Agile 3+ and Agile 4 scores were specifically developed for individuals with NAFLD in 2023 [10]. These scoring systems serve three primary objectives: the identification of advanced fibrosis and cirrhosis; the optimization of the positive predictive value to confirm these conditions; and the reduction of cases with indeterminate results, often referred to as the "grey zone" [10].
Agile 3+
Upon assessing its diagnostic performance, the AUROC for Agile 3+ in discriminating ≥F3 was excellent, but slightly inferior to those for LSM-VCTE alone (0.909 vs. 0.933), even though not statistically significant (p = 0.209).
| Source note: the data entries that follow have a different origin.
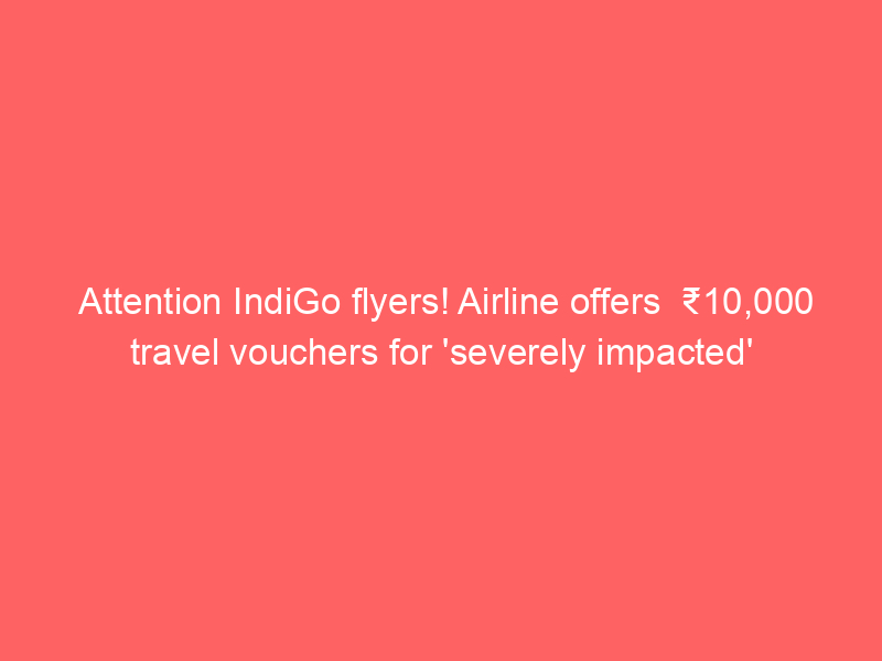 Attention IndiGo flyers! Airline offers ₹10,000 travel vouchers for ‘severely impacted’ customers – check detailsUncategorized The domestic carrier said that the vouchers can be used for any future IndiGo travel and is valid for the next 12 months.
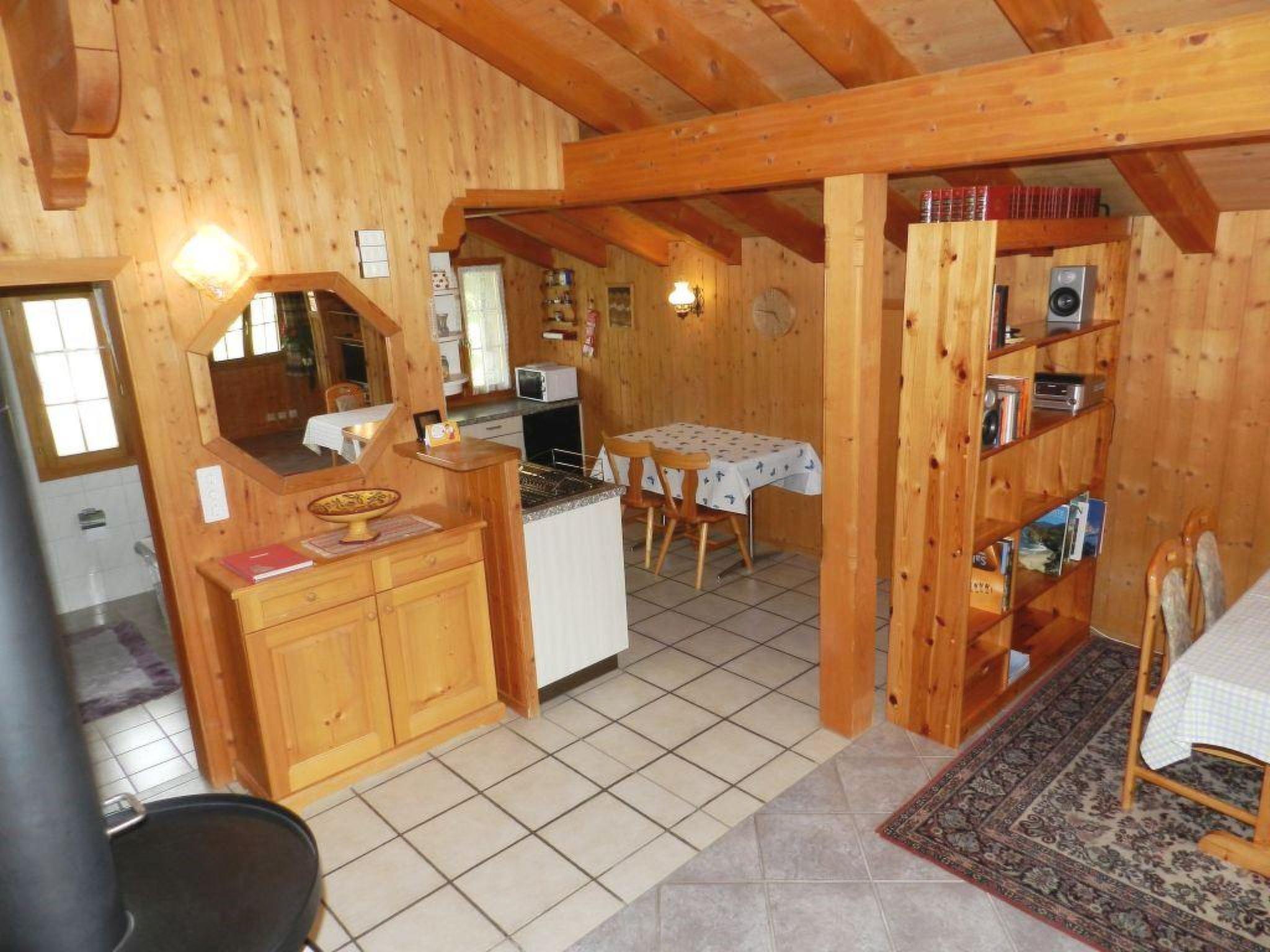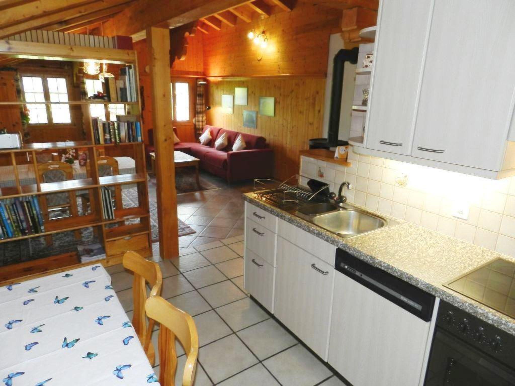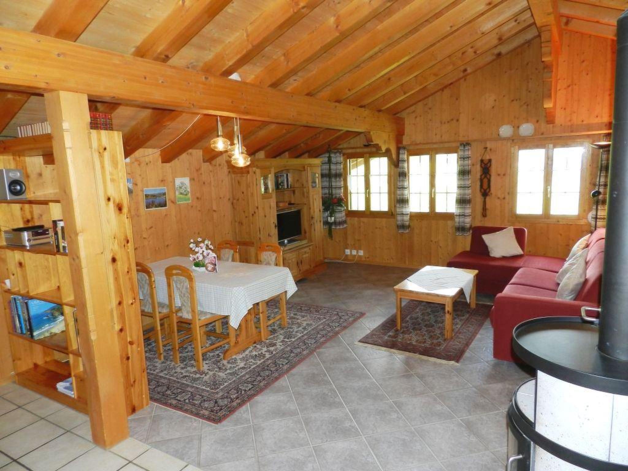 Wohn-/Esszimmer mit offener Küche (u.a. ausgestattet mit Keramikherd, Backofen, Mikrowelle, Geschirrspülmaschine, Filterkaffeemaschine (Martello) sowie Fondue- und Raclette-Set), Esstisch, Schwedenofen, Radio und TV. 1 Schlafzimmer mit 1 Doppelbett (2x90x200cm), 1 Einzelbett (90x200cm). 1 Badezimmer mit Badewanne und WC. WiFi vorhanden. Kinderbett (70x140cm) inkl. Bettwäsche und Kinderhochstuhl vorhanden.
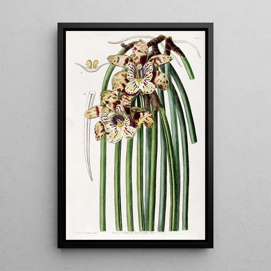 Kunsttrykket "Maxillaria de M. Steels" er et fængslende værk, der fremhæver orkidéernes rigdom. Med sine varme nuancer og delikate former tiltrækker dette lærred straks opmærksomheden. Sydenham Edwards formår gennem sin akvarel at fange essensen af denne blomst og afsløre fascinerende detaljer, der vidner om hans omhyggelige observation. Atmosfæren, der udspringer af dette værk, er både rolig og opkvikkende, hvilket inviterer til en længerevarende eftertanke. Hvert penselstrøg synes at fortælle en historie, nemlig naturens flygtige skønhed.
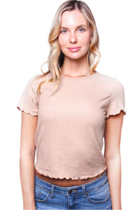 Women's Ruffle Short Sleeve Ribbed T-Shirt
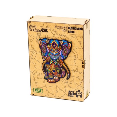 Фігурний дерев'яний пазл A3 "Індійський слон" PuzA3-03121, 132 деталі
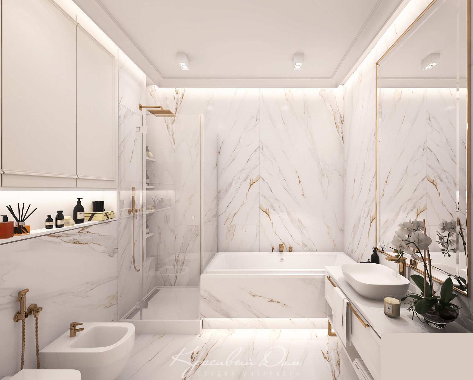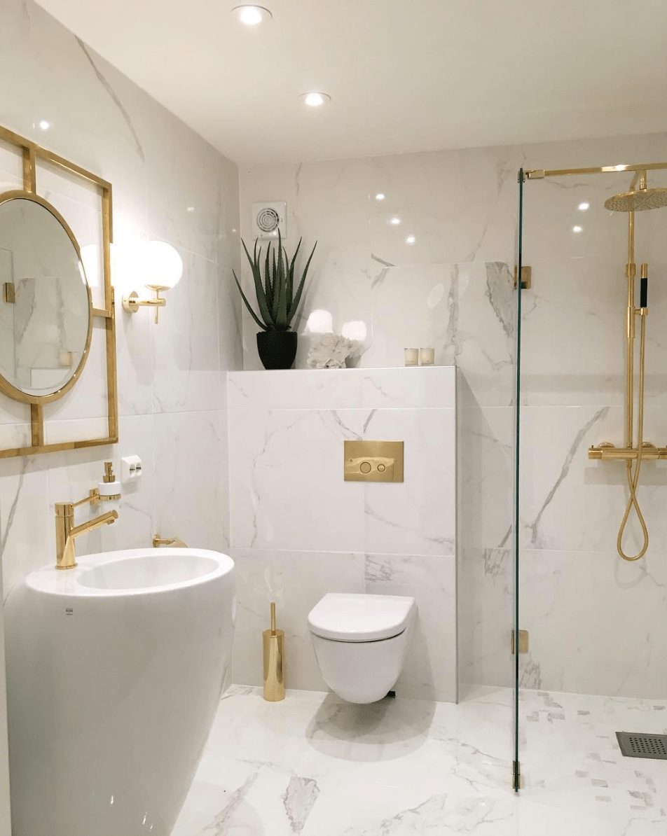 Ванная комната белая с золотом
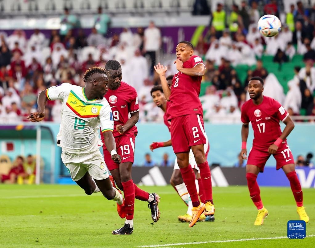 11月25日,塞內(nèi)加爾隊(duì)球員迪德希歐(左一)頭球破門,取得球隊(duì)第二粒進(jìn)球。新華社記者 丁旭 攝

Nonetheless, when comparing the patients with indeterminate results that resulted after applying dual cut-off approaches for Agile 3+ and LSM-VCTE, Agile 3+ significantly reduced the number of patients that remained in the grey zone (p = 0.003), while maintaining very good accuracy (Table 5).
Agile 4
Upon assessing its diagnostic performance, the AUROC for Agile 4 in discriminating F4 exhibited excellent performance, that was slightly superior to LSM-VCTE alone (0.968 vs. 0.956), although not statistically significant. When applying the dual cut-off approach for Agile 4, only 11.4% of patients remained in the grey zone, while maintaining excellent accuracy. When comparing the patients with indeterminate results that resulted after applying dual cut-off approaches for both Agile 4 and LSM-VCTE, Agile 4 significantly reduced the number of patients that remained in the grey zone (p<0.0001).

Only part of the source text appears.